Even though Kevin Mitnick hacked into and stole software from Sun Microsystems, Novell, and Motorola he never sold the code or profited from his hacking exploits. "My drivers for hacking were intellectual curiosity, pursuit of knowledge and seduction of adventure," he said at a book signing in New York City. "It was never about stealing money or writing malware." In-fact one of his most famous hacks, stealing the source code for the Motorola MicroTAC was motivated "because it looked like a Star Trek communicator. I wanted to understand how these phones worked, how the codes controlled the processor. I wasn't interested in selling the source code or doing anything with it. It was more about the challenge of getting it."  Kevin Mitinick's motivation for hacking was not for personal gain, but because he was curious about technology and he loved the excitement that hacking provided.

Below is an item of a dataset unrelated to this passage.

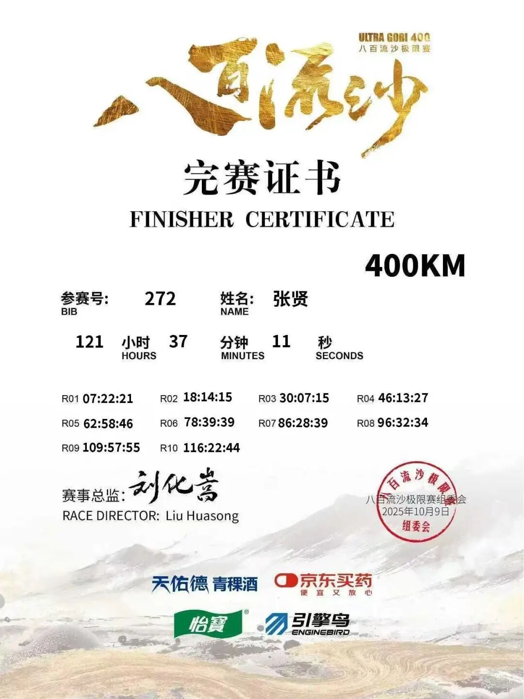 121小时、419公里,这不仅是一场比赛,更是一场心智的修行。他在戈壁中穿越白昼与黑夜,在孤独中找到坚持,在奔跑中找到答案。

When Mitnick was asked if companies should hire former black hat hackers inorder to discourage criminals he noted that it was very important "to evaluate the person's skill set, their maturity, and what they did before as a hacker. Were they getting credit card numbers and buying merchandise on the Internet? Or were they hacking systems for their own intellectual curiosity? You can't just lump black hat hackers into one category." Further more he noted when he started hacking "there was no such thing as penetration testing and no school curriculum on security. You had to be self-taught."  When a field is new or developing there is often no forum for learning or exchanging ideas about the field. How does a professional go about gaining knowledge about the field? Often, as in the case of Mitnick and Galileo, one must go outside what is socially acceptable. However, simply saying this can give too much license. For a professional in a developing field, it is very important the reason why someone steps outside what is socially acceptable. Do they do it out of intellectual curiosity, a desire to know how cell-phones work, or with defined motive, stealing credit cards. If a professional in a developing field steps outside what is socially acceptable, they must only do it out of intellectual curiosity or in an attempt to share their ideas.
Cases of new professionals like Kevin Mitnick demonstrate the dynamic nature of professionalism and professional ethics. The inertia of professionalism and ethics attempts to squash endeavors and perspectives that do not align. Clearly these perspectives can change to accommodate new endeavors; it is the impetus provided by individuals like Mitnick that enable these changes.